Inputs for DCF • The holding (investment) horizon. • Applicable required return. • Expected cash flows. • In traditional finance, we’d like to use after (corporate) tax cash flows, e.g., dividends or FCFs to the firms. • In RE, there are a variety of cash flow choices, both before taxes and after taxes. • Thus, be clear about the types of cash flows and then use the appropriate discount rate. • Do not compare apples with oranges.
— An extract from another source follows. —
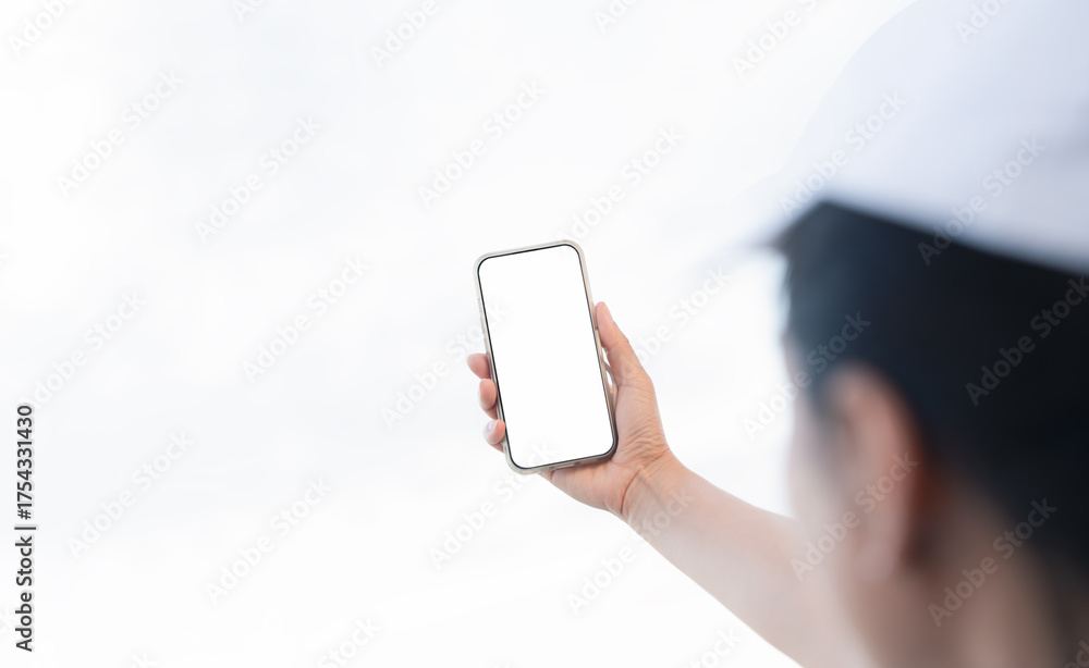Person holding smartphone with blank screen on white background,Image ideal for mobile app mockup, UI,UX design presentation, digital lifestyle content, and technology marketing visuals

The example • A possible purchase of a 96,000 sf building for $9 million (V0). There are three tenants now. • Current market rent: $15 / sf, and this is expected to increase at 4% per year. • Expected CPI rate: 4%. • This example is based on Brueggeman and Fisher (2008).
CPI adjustment • The base rent is $1,365,000, which is based on current rent price. • Current rent prices for A and B are lower than the market rent price because they are older leases. • Rent prices are usually adjusted based on CPI; but this adjustment is usually partial (50% here). • Thus for Year 1, we would expect a 2% (50% of 4% CPI) adjustment for older leases: A and B. • The lease for C is just signed, its rent price is set to the current market price: $15 / sf. • Since this is a new lease, there would be no CPI adjustment for C in Year 1.
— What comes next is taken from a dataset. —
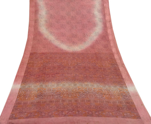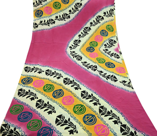 Indian Vintage Sari Ivory & Pink Pure Crepe Silk Printed Saree 5yard Sewing Floral Soft Craft Fabric Wrap Dress making Crafting Quilting

Expense reimbursements as another source of income • Expense stop: a clause often found in commercial leases that requires landlords to pay property operating expenses up to a specified amount and tenants to pay the expenses beyond that amount. • Expense stop is usually stated in per sf amount. • For example, if the expense stop is $4.25 / sf and the current expense is $4.5 / sf, the tenant must pay the landlord 25 cents / sf as an expense reimbursement (income to the landlord). • Suppose that expense reimbursement estimates for Year 1-6 are 33500, 44396, 70625, 15256, 19189, and 19670.
Formula for PGI • Base income + CPI adj. + Expected reimbursement = Potential (gross) income (PGI)
Discounting NOI • Note that NOI is a before-tax cash flow. • Thus, when we assign a discount rate to discount NOI, this must be a before-tax discount rate. • Suppose that the investor requires a before-tax discount rate of 12%. • Note that this discount rate is somewhat individual-specific; some investors have higher costs of capital than the others.
The terminal market value • For an NPV analysis, we need to know the terminal market value at the end of 5-year horizon. • V5 = NOI6 / R5, where R5 is going-out cap rate. Suppose the going-out cap rate is expected to be 10%. • Note that the going-out cap rate is determined in the market; not individual-specific. • V5 = NOI6 / R5 = 1061778 / 0.1 = $10,617,780.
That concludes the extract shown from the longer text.